Speaker: Miroslav Dudik, Carnegie Mellon University
Location: Warren Weaver Hall 1302
Date: April 12, 2010, 11:30 a.m.
Host: Richard Cole
he maximum entropy approach (maxent), equivalent to maximum likelihood, is a widely used density-estimation technique. However, when trained on small datasets, maxent puts too much confidence on too little data (a phenomenon known as "overfitting"), and when trained over large sample spaces, naive implementations of maxent are intractable. To prevent overfitting, we propose a relaxed version of maxent, which turns out to be equivalent to L1-regularized log likelihood. We prove strong statistical guarantees for L1-regularized maxent, and show how it can be generalized to the problem of estimation in the presence of sample-selection bias, and to the problem of simultaneous estimation of multiple densities. To address computational challenges, we propose an approach based on sampling and coordinate descent.
I discuss two applications of maxent: statistical modeling of distributions of biological species and game-theoretic modeling of human negotiation, focusing mainly on the former.
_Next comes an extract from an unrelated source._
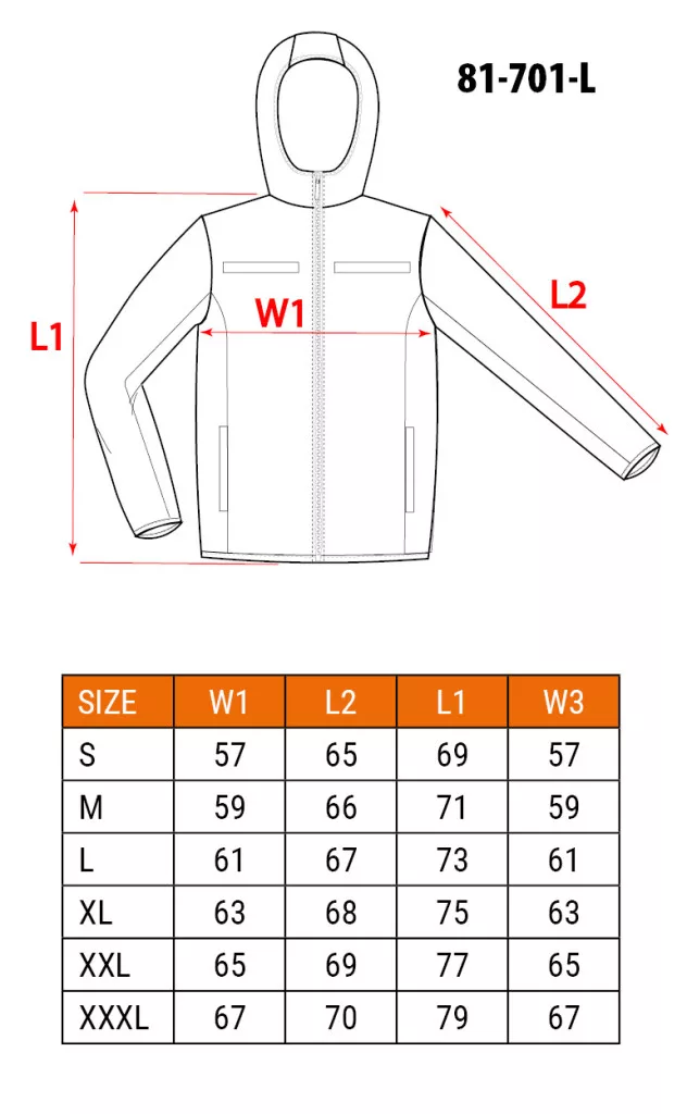 Munkadzseki, softshell láthatósági dzseki kapucnival, narancssárga színű, mérete L, láthatóság: 2. osztály az EN ISO 20471 szabvány szerint, vízállósága 8000 mm, légáteresztő képesség 3000 g/m2/24h, szélálló, polár bélés, 4 cipzározható zseb, külső tépőzáras zseb, tépőzáras összehúzó az ujjakban, szabályozható összehúzó a derékban, legombolható kapucni összehúzóval, CE tanúsítvány, EN ISO 13688:2013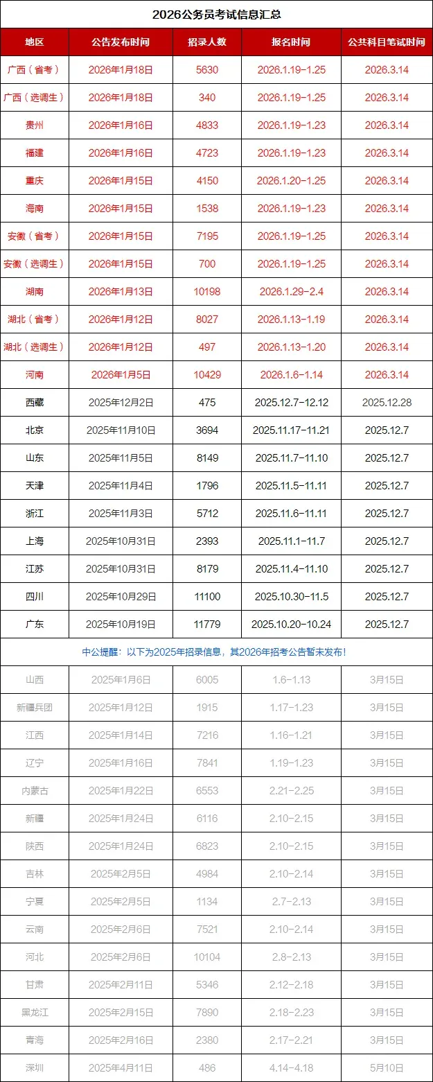 特别提醒:2026年1月19日8:00至1月21日16:00期间,网上报名系统将显示各招考职位报考人数等情况,1月21日16:00之后,不再显示各招考职位报考人数。

In species distribution modeling, statistical properties of regularized maxent are key in obtaining state-of-the-art performance on small data sets. In game-theoretic modeling, the coordinate descent algorithm and sampling allow our approach to solve negotiation scenarios an order of magnitude larger than previous techniques.
Based on joint work with Rob Schapire, Steven Phillips, Geoff Gordon, Dave Blei and others.
Miroslav Dudik received his PhD in Computer Science from Princeton University in 2007. Currently, he is a postdoctoral fellow at Carnegie Mellon University. His interests are in theoretical and applied aspects of machine learning, both statistical and algorithmic. He focuses on small-sample density estimation and game-theoretic modeling.
Refreshments will be offered starting 15 minutes prior to the scheduled start of the talk.